A Drug Combination Rescues Frataxin-Dependent Neural and Cardiac Pathophysiology in FA Models

Rosella Abeti; Mittal Jasoliya; Sahar Al-Mahdawi; Mark Pook; Cristina Gonzalez-Robles; Chun Kiu Hui; Gino Cortopassi; Paola Giunti

doi:10.3389/fmolb.2022.830650

A Drug Combination Rescues Frataxin-Dependent Neural and Cardiac Pathophysiology in FA Models

Front Mol Biosci. 2022 May 19:9:830650. doi: 10.3389/fmolb.2022.830650. eCollection 2022.

Authors

Rosella Abeti¹, Mittal Jasoliya², Sahar Al-Mahdawi³, Mark Pook³, Cristina Gonzalez-Robles¹, Chun Kiu Hui², Gino Cortopassi², Paola Giunti¹

Affiliations

¹ Ataxia Centre, Department of Clinical and Movement Neurosciences, UCL, Institute of Neurology, London, United Kingdom.
² Department of Molecular Biosciences, School of Veterinary Medicine, UC Davis, Davis, CA, United States.
³ Department of Life Sciences, Institute of Environment, Health, and Societies, College of Health and Life Sciences, Division of Biosciences, Brunel University London, Uxbridge, United Kingdom.

Abstract

Friedreich's ataxia (FA) is an inherited multisystemic neuro- and cardio-degenerative disorder.
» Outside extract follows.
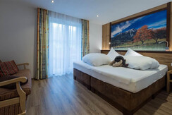 Geräumiges und rustikal eingerichtetes Doppel- bzw. Dreibettzimmer mit Balkon, Kabel-TV, W-Lan, Safe, Haarföhn, großzügiger DU/WC Raum

Seventy-four clinical trials are listed for FA (including past and present), but none are considered FDA/EMA-approved therapy. To date, FA therapeutic strategies have focused along two main lines using a single-drug approach: a) increasing frataxin and b) enhancing downstream pathways, including antioxidant levels and mitochondrial function. Our novel strategy employed a combinatorial approach to screen approved compounds to determine if a combination of molecules provided an additive or synergistic benefit to FA cells and/or animal models. Eight single drug molecules were administered to FA fibroblast patient cells: nicotinamide riboside, hemin, betamethasone, resveratrol, epicatechin, histone deacetylase inhibitor 109, methylene blue, and dimethyl fumarate. We measured their individual ability to induce FXN transcription and mitochondrial biogenesis in patient cells. Single-drug testing highlighted that dimethyl fumarate and resveratrol increased these two parameters. In addition, the simultaneous administration of these two drugs was the most effective in terms of FXN mRNA and mitobiogenesis increase. Interestingly, this combination also improved mitochondrial functions and reduced reactive oxygen species in neurons and cardiomyocytes. Behavioral tests in an FA mouse model treated with dimethyl fumarate and resveratrol demonstrated improved rotarod performance. Our data suggest that dimethyl fumarate is effective as a single agent, and the addition of resveratrol provides further benefit in some assays without showing toxicity. Therefore, they could be a valuable combination to counteract FA pathophysiology. Further studies will help fully understand the potential of a combined therapeutic strategy in FA pathophysiology.

Keywords: Dimethyl fumarate (DMF); Frataxin (FXN); Friedreich’s Ataxia (FA); Mitochondrial membrane potential (ΔΨm); Reactive Oxygen species (ROS); Resveratrol (Resv).